Question

Suppose a person rolls two balanced dice twice in succession. Determine the probability that the sum of the two numbers that appear on each of the three rolls will be 7.

Short answer

The probability that on each of the three rolls, the sum of the two numbers that appear will be 7 is \(\frac{1}{{216}}\).

Step-by-step solution

Given information

Suppose that a person rolls two balanced dice three times in succession.

It is required to determine the probability that the sum of the two numbers that appear on each of the three rolls will be 7.

Computing the required probability

According to the multiplication rule, the total probability of two or more independent events is given by:

\({\bf{P}}\left( {{\bf{total}}} \right){\bf{ = P}}\left( {{{\bf{A}}_{\bf{1}}}} \right) \times {\bf{P}}\left( {{{\bf{A}}_{\bf{2}}}} \right) \times ... \times {\bf{P}}\left( {{{\bf{A}}_{\bf{n}}}} \right)\)

If two balanced dice are rolled, the sample space will consist\({6^2} = 36\)of outcomes.

The combinations that will result in a sum of 7 are:

\(\left( {1,6} \right),\left( {6,1} \right),\left( {2,5} \right),\left( {5,2} \right),\left( {3,4} \right),\left( {4,3} \right)\)

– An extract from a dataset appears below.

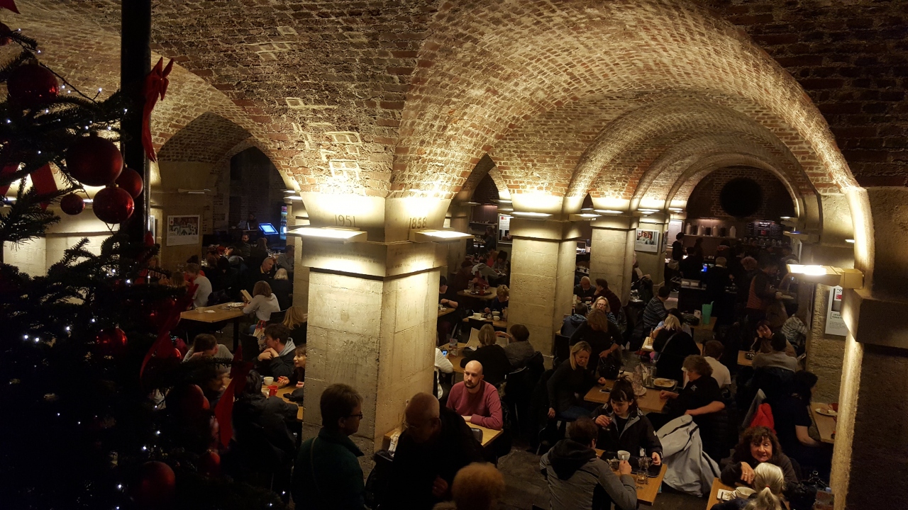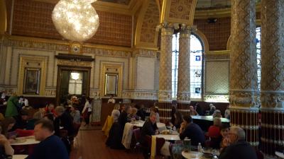 ナショナルギャラリーの隣にある教会の地下1階にある、古色蒼然たる雰囲気のカフェ。ピラミッドの地下みたいなイメージ。観光客向きだが意外とリーズナブルで使える。セルフ方式のフードもサーブしており、ランチ、ディナーでも使える。歩き疲れたら一度は行ってみてもいいかもしれない。

The number of possible outcomes that will result in a sum of 7 is 6.

So, the probability that the sum is 7 for the first roll is:

\(\begin{array}{c}P\left( {{A_1}} \right) = \frac{6}{{36}}\\ = \frac{1}{6}\end{array}\)

Similarly, for the second and third rolls, the probabilities are:

\(P\left( {{A_2}} \right) = P\left( {{A_3}} \right) = \frac{1}{6}\)

Thus, the probability that on each of the three rolls, the sum of the two numbers that appear will be 7 is:

\(\begin{aligned}{}P\left( {total} \right) &= P\left( {{A_1}} \right) \times P\left( {{A_2}} \right) \times P\left( {{A_3}} \right)\\ &= \frac{1}{6} \times \frac{1}{6} \times \frac{1}{6}\\ &= \frac{1}{{216}}\end{aligned}\)

Therefore, the required probability is \(\frac{1}{{216}}\) .